To ensure real-time performance for fast-time detection, the required number of parallel GPUs must exceed ceil (ProcessTime × DisUnit/CPI). However, increasing the number of parallel GPUs does not always lead to better performance due to the overhead introduced by data access between GPUs and memory. Optimal configurations are achieved when ProcessTime × m_DisUnit/CPI approaches but remains below 1, providing a cost-effective balance between processing efficiency and computational resources. In practical deployments, different fast-time range units within a CPI are mutually independent and can be treated as separate samples, which are either batched on a single GPU or assigned to different GPUs without inter-GPU communication. When multiple GPUs are available, distributing disjoint groups of range units across devices avoids splitting a single range unit over several GPUs and thus mitigates performance degradation due to inter-GPU data transfers, leading to near-linear throughput scaling with the number of GPUs in typical deployment scenarios.
6. Conclusions
In this paper, we proposed RD-Transformer, an attention-based framework that achieves significant SNR reduction (14–20 dB) for weak target detection in pulsed radar systems by learning adaptive coherent integration from multi-pulse data. Key contributions include the following: (1) a cross-attention mechanism for transmit-receive feature fusion that implicitly compensates for target motion, (2) dual-encoder architecture preserving pathway-specific characteristics, and (3) a tunable false alarm control mechanism via k-sigmoid gating enables the same trained network to satisfy different Pd–Pf required by radar systems without retraining.
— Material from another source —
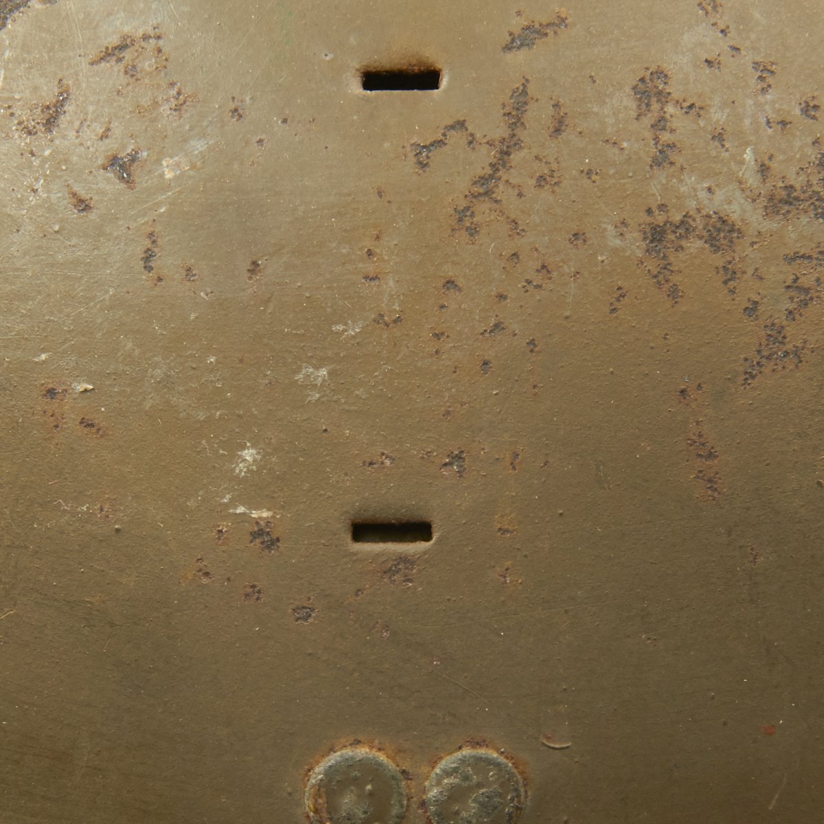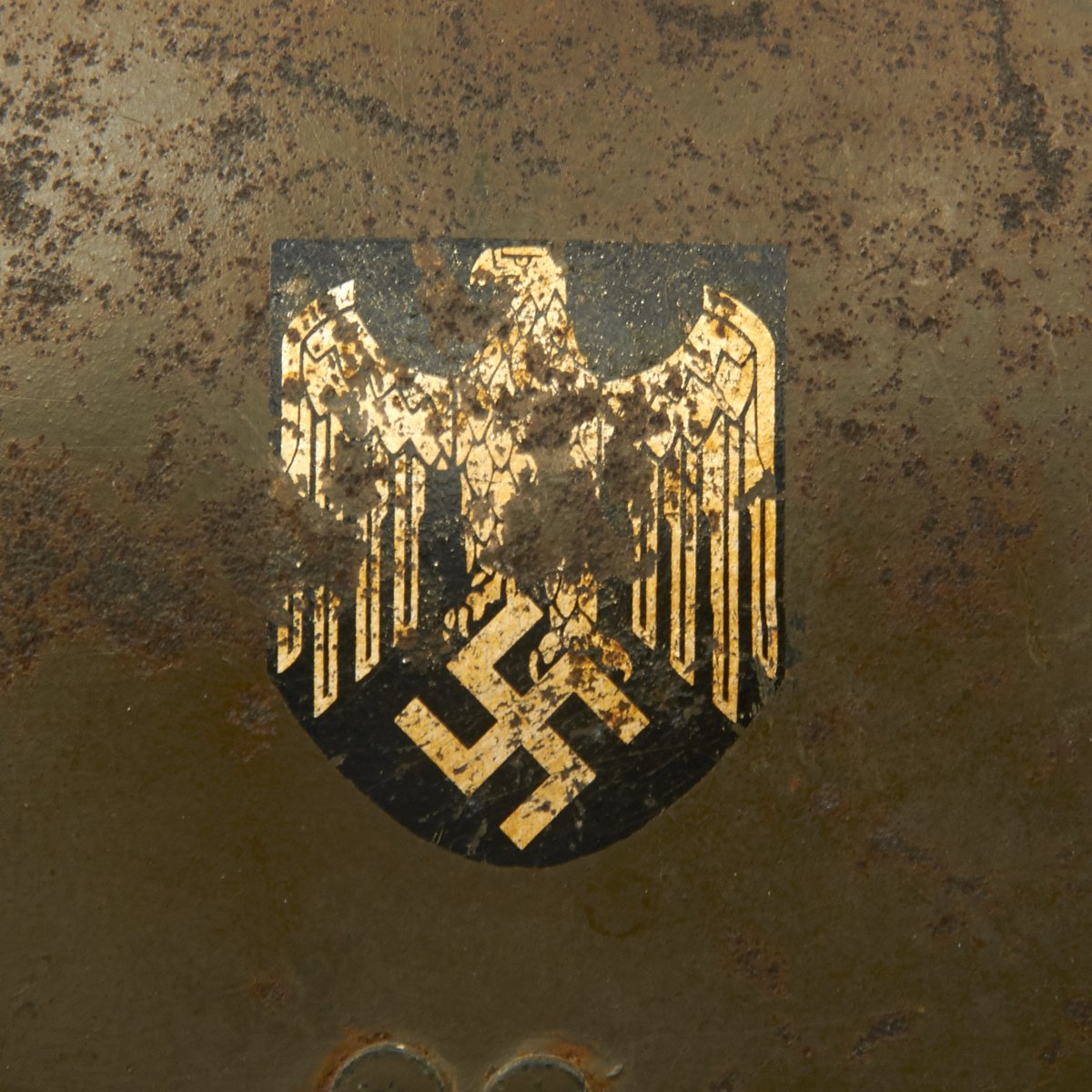 The helmet retains the original olive green paint. The traditional RF emblem helmet plate was removed and a single German army Heer decal was applied to the right side of the helmet. The decal is retained at 80%.

Experimental results demonstrate substantial performance gains over optimal energy detection. However, two main limitations warrant future investigation: (1) all experiments rely on simulated data—validation on real radar measurements is essential to confirm practical effectiveness; (2) computational complexity may limit deployment on resource-constrained platforms. Future work will prioritize real-data validation, model compression (knowledge distillation, pruning), and extension to joint detection and motion parameter estimation tasks.